In the afternoon Patricia Saraux spoke to us about the WHO Healthy City. In expressive French (translated by our learned professeurs) she described how both physical and mental health is important to enable people to take opportunities in life. Patricia lamented the smoking of local young women in Nantes, which she blamed for their poor ranking on cancer league tables. Beaming, however, she spoke about how horrible it had been made for cars to be driven into the centre of the city. I reflected that their plans for shared spaces for cyclists and pedestrians could become problematic as they strove to increase cycling levels; echoing in my head I could hear John Parkin’s pronouncement, that cycle routes must be designed for speed.

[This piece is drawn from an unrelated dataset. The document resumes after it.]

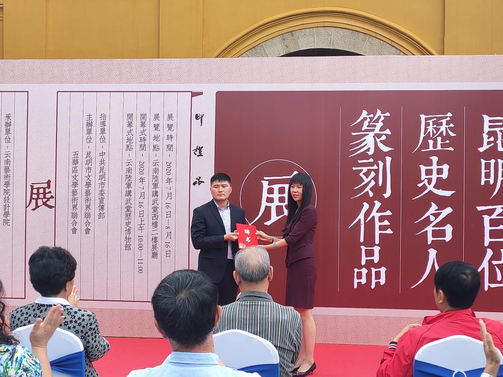 7月16日上午,我院青年教师龚栋强个展“印证昆明——昆明百位历史名人篆刻作品展”在云南陆军讲武堂历史博物馆隆重开幕。此次展览由中共昆明市委宣传部指导,昆明市文学艺术界联合会、五华区文学艺术界联合会主办,william威廉英国官网设计学院承办。出席开幕仪式的嘉宾有云南省人大常委会原副主任晏友琼、云南省政协教科文卫体委员会副主任吴卫民、云南省政协文史委副主任郑明、云南省文联党组书记、主席李勇、昆明市委宣传部副部长曾华、昆明市政协原副主席夏静、昆明市社科联主席龚志龙、长城书画院院长王永银等领导及专家。william威廉英国官网党委书记黄雁玲、党委副书记李从熙、副院长陈劲松、william威廉英国官网设计学院党委书记余光荣、党委副书记王进、何永坤教授等学院老师出席了展览开幕式。

In the evening we met in a bar at the top of the tallest building in Nantes, which offered stunning views, cocktails, and, arranged about the floor, giant lounging soft-toy birds (with children clambering over them) and broken-eggshell seating. After some refreshment we repaired to a crepe restaurant, where I had a pomme gallette and shared a large flagon of cidre with my neighbouring diners. Thence to a nightclub opposite, where I demonstrated my prowess at table football, had some excellent conversations about Bristol’s urban sustainability, and attempted some dancing, before quietly making my exit.
On the final day, Friday, we met at a tram stop near the castle. We went west to the Grande Bellevue estate, where Pauline Cottier and colleague gave us an open-air talk about urban renewal. Many of the modernist, inward-facing 1950s blocks were boarded up and due for demolition, to make way for improved units, and they spoke of the importance of concentrating retail to ensure viable places were created. The original design of the estate contributed to the area’s social problems, and Le Corbusier’s work (which we had viewed on Thursday) could be seen as influencing this somewhat inhuman design. Stephen, however, noted that Le Corbusier cannot be completely blamed, as such estates were constructed at low-spec compared with what he would have prescribed.
Then we went our separate ways. I retrieved my bike from the hotel car park, hitched up my bags, tightened my brakes, and began my 3-day journey – via Rennes and St. Malo – back to England.